Skip to content

Fix/eviction queue purge correctness#22680

Draft
krleonid wants to merge 3 commits into
duckdb:mainfrom
krleonid:fix/eviction-queue-purge-correctness
Draft

Fix/eviction queue purge correctness#22680
krleonid wants to merge 3 commits into
duckdb:mainfrom
krleonid:fix/eviction-queue-purge-correctness

Conversation

@krleonid
Copy link
Copy Markdown
Contributor

@krleonid krleonid commented May 15, 2026

Summary

This PR fixes three related bugs in the buffer pool's eviction queue purge path. Together they caused dead nodes to silently accumulate in the eviction queue, alive-but-pinned nodes to be dropped (disturbing LRU and corrupting the dead-node counter), and the multi-iteration purge loop to make essentially no progress under contention.

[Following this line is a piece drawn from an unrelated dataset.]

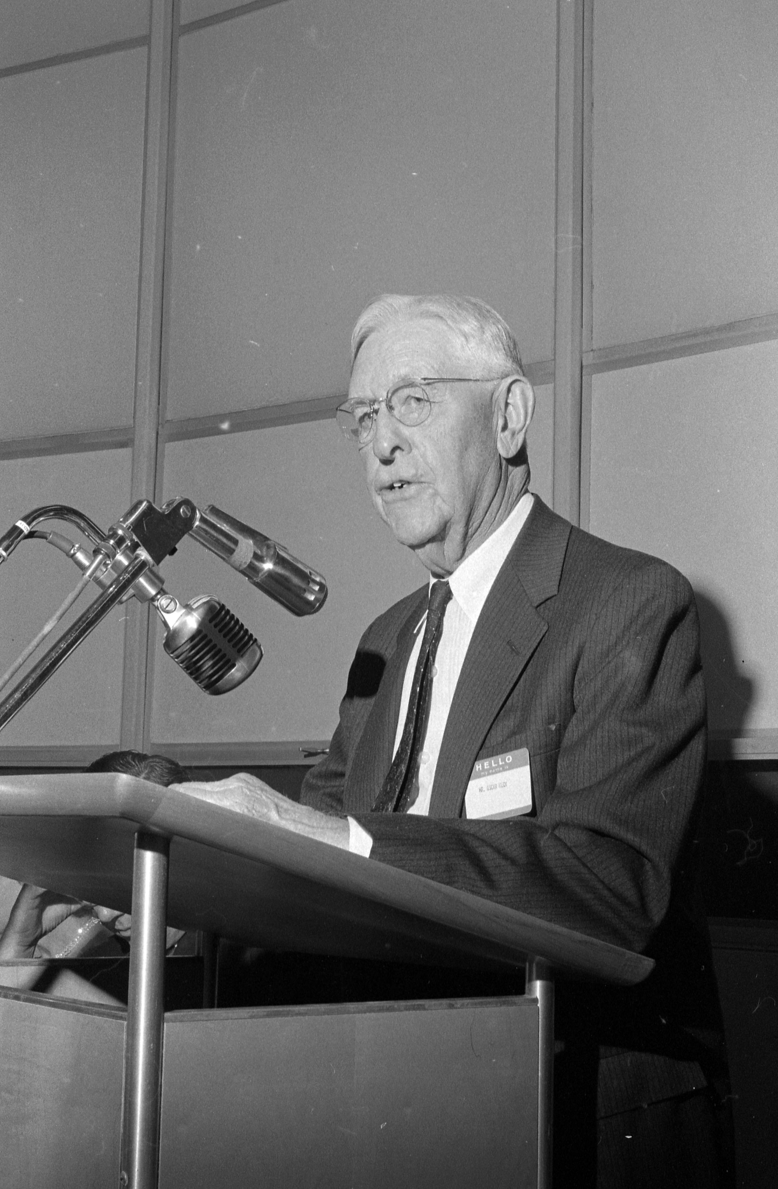 Oscar Keck at a GE dinner reception at the Mt. Vernon High School cafeteria

The fix is small (3 files, +37 / −16) but the underlying issues interact and are worth fixing together so the purge accounting becomes self-consistent again.

Background

EvictionQueue uses a duckdb_moodycamel::ConcurrentQueue<BufferEvictionNode> where each node holds:

  • weak_ptr<BlockMemory> — the block this entry refers to.
  • handle_sequence_number — incremented every time the block is re-added to the queue.

A node is logically dead if either:

  1. The weak_ptr is expired (the BlockMemory was destroyed), or
  2. The block's current eviction_seq_num is newer than the node's recorded sequence number (a newer entry superseded it).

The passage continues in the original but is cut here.